# AREQUIPA RESIDENCIAL - FOTOS INTERESANTES!!



## Jose Perez (Aug 10, 2005)

Buscan por internet encontre algunas fotos de Arequipa residencial.Algunos son hasta de paginas de inmueblos characatos.

*Complejo en Cayma*

_Image deleted due to improper copyrights_

*La Villa Medica,los edificios mas altos de Arequipa.*

_Image deleted due to improper copyrights_

*Y como es un departamento en la Villa Medica?hay que subir....aca esta...*

_Image deleted due to improper copyrights_

*Y la vista desde la Villa Medica,muestra una zona plana de Arequipa.*

_Image deleted due to improper copyrights_

*Estas son zonas residenciales alejadas del centro de la ciudad,estan por el distrito de Sachaca,estas zonas recien estan creciendo,aun hay mucho terreno.*

_Image deleted due to improper copyrights_

*Selva Alegre unos de los distritos mas caros de la ciudad.(exepto una me las robe de Clau,jeje)*

_Image deleted due to improper copyrights_


































*El Vallecito , uno de los barrios mas conocidos de la ciudad.*


----------



## *ClauDia* (May 1, 2005)

jejeje naah no hay problema! Se ve muy bien arequipa residencial y bueno selva alegre es muy lindo pero un tanto solitario. Yo creo q si tuviera q elejir.. no sé tal vez viviría en vallecito.
Las vistas de sachaca estan buenísimas ! q lástima q cuando yo estuve el clima no jugo a mi favor.

Excelente thread


----------



## jessy21 (Jul 4, 2006)

qque linda es laciudad de arequipa , espero muy pronto visitarla.


----------



## J Block (Feb 16, 2004)

_Image deleted due to improper copyrights_

wow...regresando a 1970...

Hablando en serio, tan cheveres las fotos! Me encantan esas casas en Selva Alegre...ahí vivían mis tios abuelos con mis tíos.


----------



## Jose Perez (Aug 10, 2005)

from Trujillo said:


> buenas fotos, pero no se ve orden, se parece a Huancayo por los vacios de construcciones. Los invito a ver en PROYECTOS, como esta Trujillo, lamentablemente y con buena nota hace tiempo que los superamos en todo aspecto. Bienvenidos a nuestra ciudad de gente amable, culta y progresista.

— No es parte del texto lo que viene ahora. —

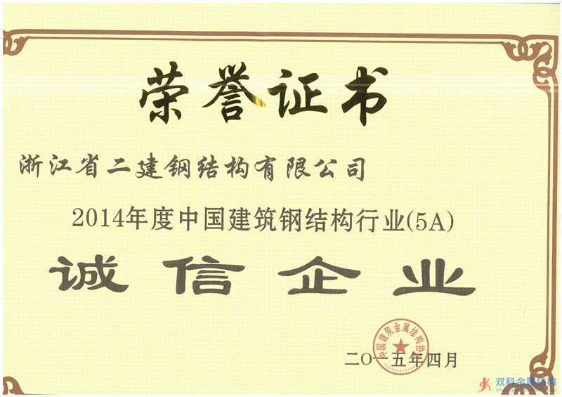 浙江省二建鋼結構公司獲“2014年度中國建筑鋼結構誠信企業”
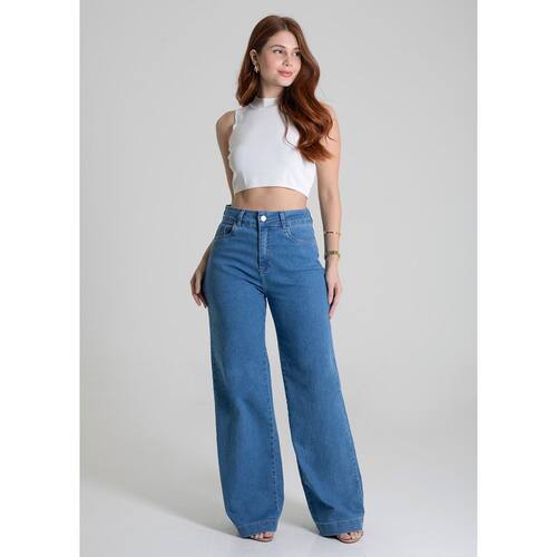 Calça feminina confeccionada em jeans. O modelo possui cintura super alta, gancho no lugar e caimento amplo da coxa até a barra. Cintura alta Fechamento através de um botão e zíper Bolsos frontais e posteriores funcionais Barra simples Tecido: Jeans Tipo de Lavagem: Azul Cor: Azul claro
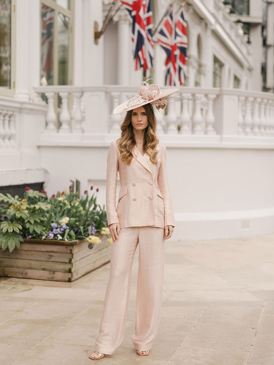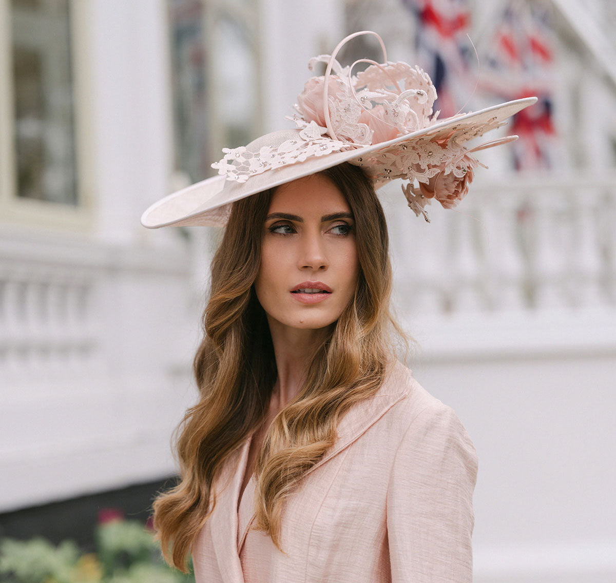 This one-of-a-kind design is feminine yet striking. Blocked floral lace appears to float across the blush pink base of this large disc style. Twists of lace applique form an intricate trim, with feather peonies and hand-curled ostrich quills adding a beautiful finishing touch. Encrusted with shimmering Swarovski crystals to truly sparkle in the summer sun.
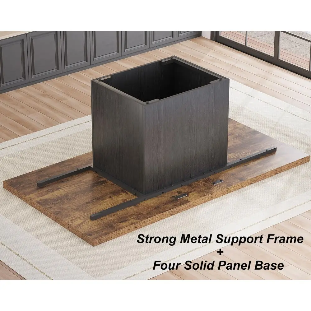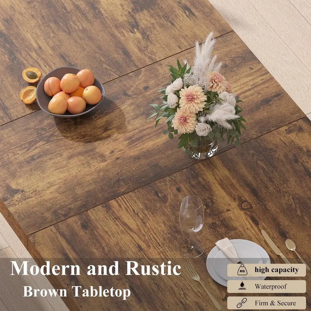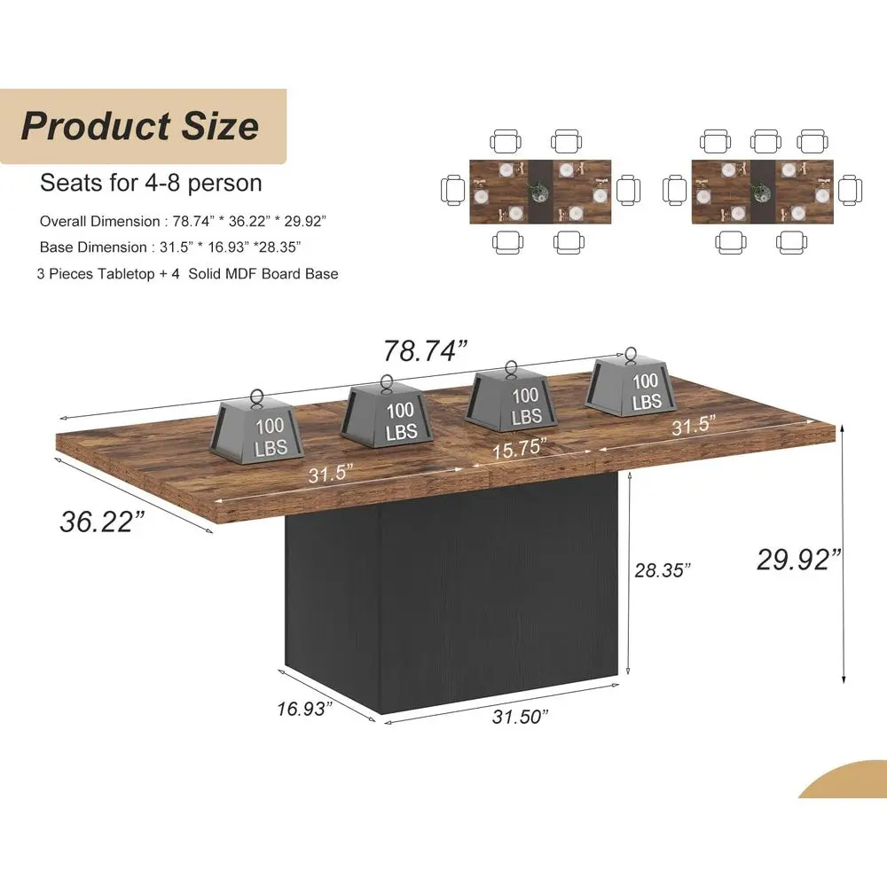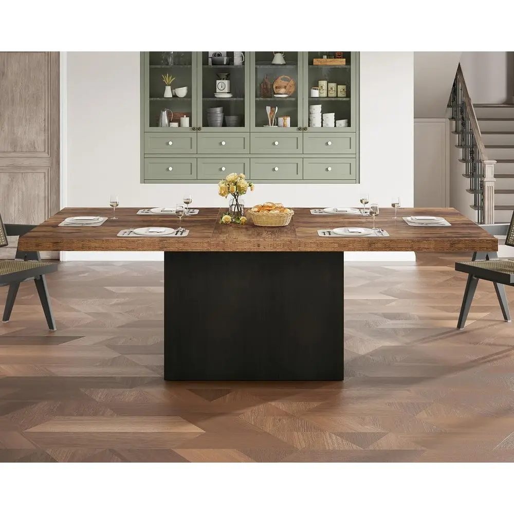Large Rustic Brown Wood Dining Table, 78.74 for 6-8, Strong Black Base, Ideal for Industrial or Home Gatherings
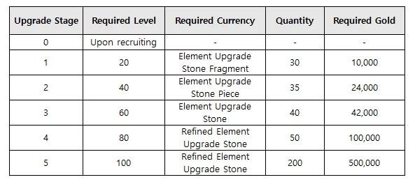 - Please see below for the details of the required currencies for each Upgrade stage.
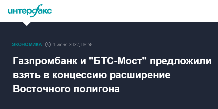 Газпромбанк и "БТС-Мост" предложили взять в концессию расширение Восточного полигона

no se si leiste lo que puse.Esa zona es una zona nueva donde aun hay muchos terrenos.Con todo respeto y me alegra como esta desarrollando Trujillo,pero los barrios tradicionales de Arequipa Cayma,Yanahuara,Selva Alegre y el Vallecito superan aun a los barrios trujillanos.Estan mas desarrollados.Espero no ocasionar otro Arequipa vs. Trujillo,pero lo digo porque he estado en ambas ciudades hace poco.


----------



## YibrailMizrahi (Apr 25, 2006)

Buena recopilación de imágenes de la blanca ciudad!


----------



## Liquido (Apr 3, 2005)

muy lindo thread.


----------



## Carlos_"U" (Feb 13, 2006)

muy buenas imágenes, se ve muy bien las zonasresidenciales de Arequipa ... al forista from_trujillo te pediría q no hagas ese tipo de comentarios, puedes ocasionar problemas en el foro XD.


----------



## Jose Perez (Aug 10, 2005)

A mi me alegra que hay una ciudad que le esta haciendo la competencia a Arequipa,eso va ayudar que no se quede ninguna atras.Pero tenemos que ver que en Arequipa tambien hay harto proyecto,los proyectos no solo son en Trujillo,que no estamos poniendolos en el foro es otra cosa.Hay muchos edificios en construccion en Cayma,aparte del mall que sigue en miras.


----------



## elmiocid (Mar 11, 2006)

si from no hagas ese tipo de comentarios en el thread porque ciertas personas explotan.


----------



## Jose Perez (Aug 10, 2005)

no tengo porque explotar ,soy de Lima.Solo digo lo que ven mis ojos.


----------



## skyperu34 (May 25, 2003)

que bonitas fotos, me gustan esas zonas de arequipa, y por favor, una invocacion a todos, absolutamente a todos: no se involucren en discusiones que ya nos tienen hasta el hartazgo. Hay que ignorar. From Trujillo, te invoco a no comentar del modo q lo has hecho, nos ha costado mucho llevarnos con tranquilidad, todas las ciudades son hermosas, y tienen sus zonas agradables, no me atreveria a cometer la ridiculez de decir A es mas bonito que B, ya suena estupido, disculpen el termino, simplemente sigan el hilo del tema.......

saludos


----------



## elmiocid (Mar 11, 2006)

Jose Perez said:


> no tengo porque explotar ,soy de Lima.Solo digo lo que ven mis ojos.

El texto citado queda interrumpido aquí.